Homework 5: Hypotheses, and hypotheticals.¶

Instructions: Please answer the following questions and submit your work by editing this jupyter notebook and submitting it on Canvas. Questions may involve math, programming, or neither, but you should make sure to explain your work: i.e., you should usually have a cell with at least a few sentences explaining what you are doing.

Also, please be sure to always specify units of any quantities that have units, and label axes of plots (again, with units when appropriate).

In [1]:

import numpy as np
import matplotlib.pyplot as plt
rng = np.random.default_rng()

1. Rain¶

Is it rainier in Eugene or Springfield? In data/eug_spr_rain.csv you'll find data on daily rainfall, in inches, at NOAA weather stations in Eugene on Queens East Street and on Dixie Drive in Springfield. You can read in the data as follows:

In [2]:

import pandas as pd
rain = pd.read_csv("data/eug_spr_rain.csv").set_index("date")

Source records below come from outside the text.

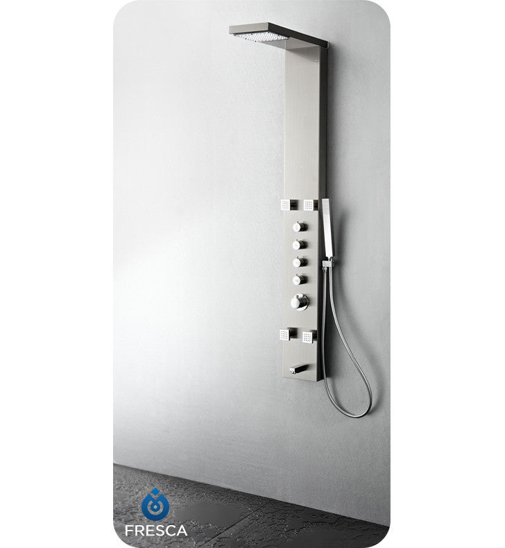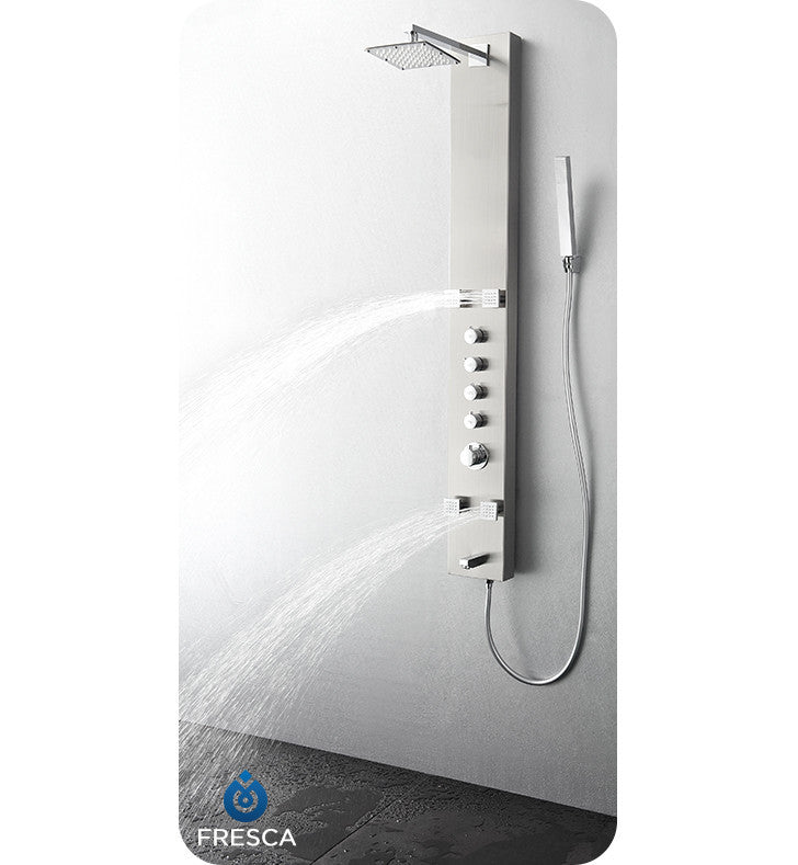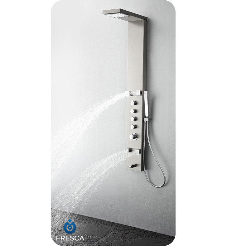 Engineered with a rain showerhead, 4 powerful body spray jets and a hand shower, down sprout. Massaging shower experience.
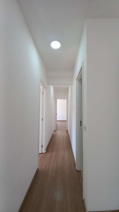 Apartamento com 3 dormitórios, suíte, sala, cozinha americana, área de serviço, piso laminado, banheiro com box de vidro.
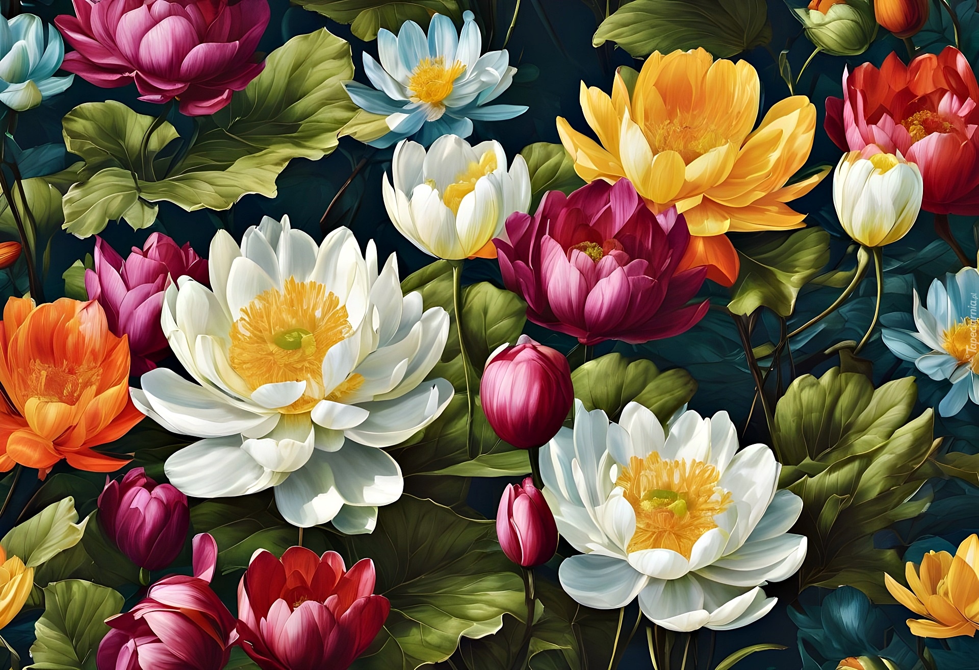 Edytor tapety: Kolorowe rozwinięte kwiaty i pąki

(a) Look at the data: make histograms of the daily totals in each location, and a scatter plot of the two locations against each other.

(b) Compute the daily difference (Eugene minus Springfield) in rainfall, and make a histogram of that.

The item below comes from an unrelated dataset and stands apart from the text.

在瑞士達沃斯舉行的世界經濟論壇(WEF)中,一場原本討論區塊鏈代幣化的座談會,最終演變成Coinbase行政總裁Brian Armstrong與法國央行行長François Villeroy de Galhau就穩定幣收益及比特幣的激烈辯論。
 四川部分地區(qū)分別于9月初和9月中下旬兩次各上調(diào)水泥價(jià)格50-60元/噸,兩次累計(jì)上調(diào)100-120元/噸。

(c) On what proportion of the days did it rain more in Eugene than Springfield? How about more in Springfield than in Eugene?

(d) Compute the $t$ statistic for the Eugene minus Springfield difference, and get a $p$-value for the two-sided test (i.e., the probability that the $t$ distribution is larger in absolute value than the number you calculated).

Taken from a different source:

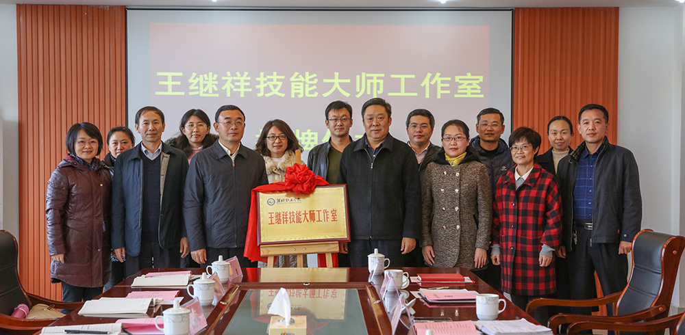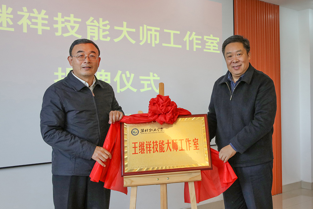 张洪全为王继祥颁发76net必赢官网兼职教授聘书并共同为王继祥技能大师工作室揭牌。
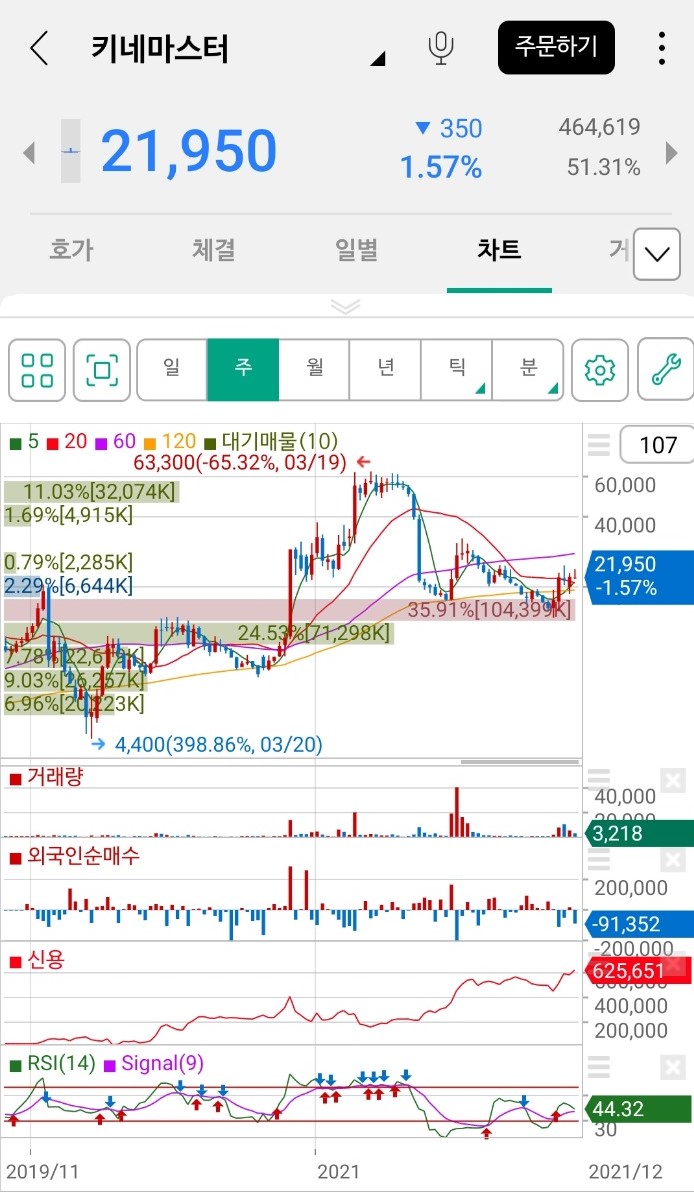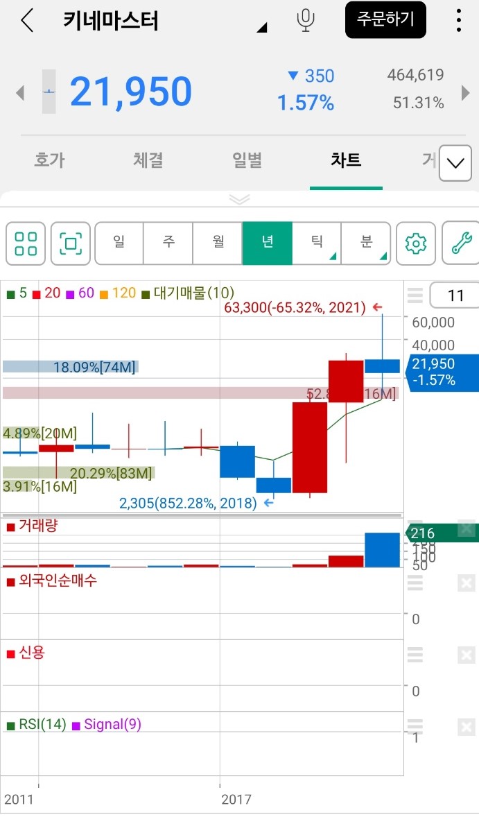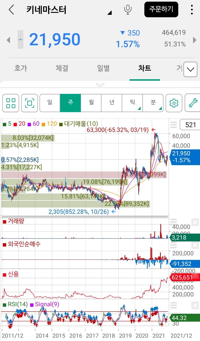 상장 이후 키네마스터의 주별, 월별, 연별 주가 및 주가 추이는 다음과 같습니다.

(e) What is your conclusion? Write a few sentences reporting the results, including the statistical tests and real-world interpretations. Be sure to include takeaways and context (e.g., what was the average rainfall?).

2. Imaginary data¶

Make up a situation in which we'd have measured at least 3 quantitative variables in at least 500 observations. You should have some positively correlated pairs of variables and some negatively correlated pairs. It does not have to be realistic or serious.

(a) Describe it in words.

(b) Simulate some data that looks at least roughly like what you'd expect real data to look like.

(c) Make plots of the data: histograms of each variable, and scatter plots of each pair of variables.

(d) Compute the correlations between each of your simulated variables (with np.corrcoef( )) and explain why correlations are positive or negative.

Note: By "looks at least roughly like you'd expect", I mean that variables should be in real units and not totally unreasonable values. So, counts should be actually integers, weights should not be negative numbers, etcetera. For instance, if one of your variable is "number of pieces of candy obtained by a trick-or-treater", then these should be nonnegative integers, and should not be in the millions. (If it's in the thousands, that's probably not realistic, but close enough.)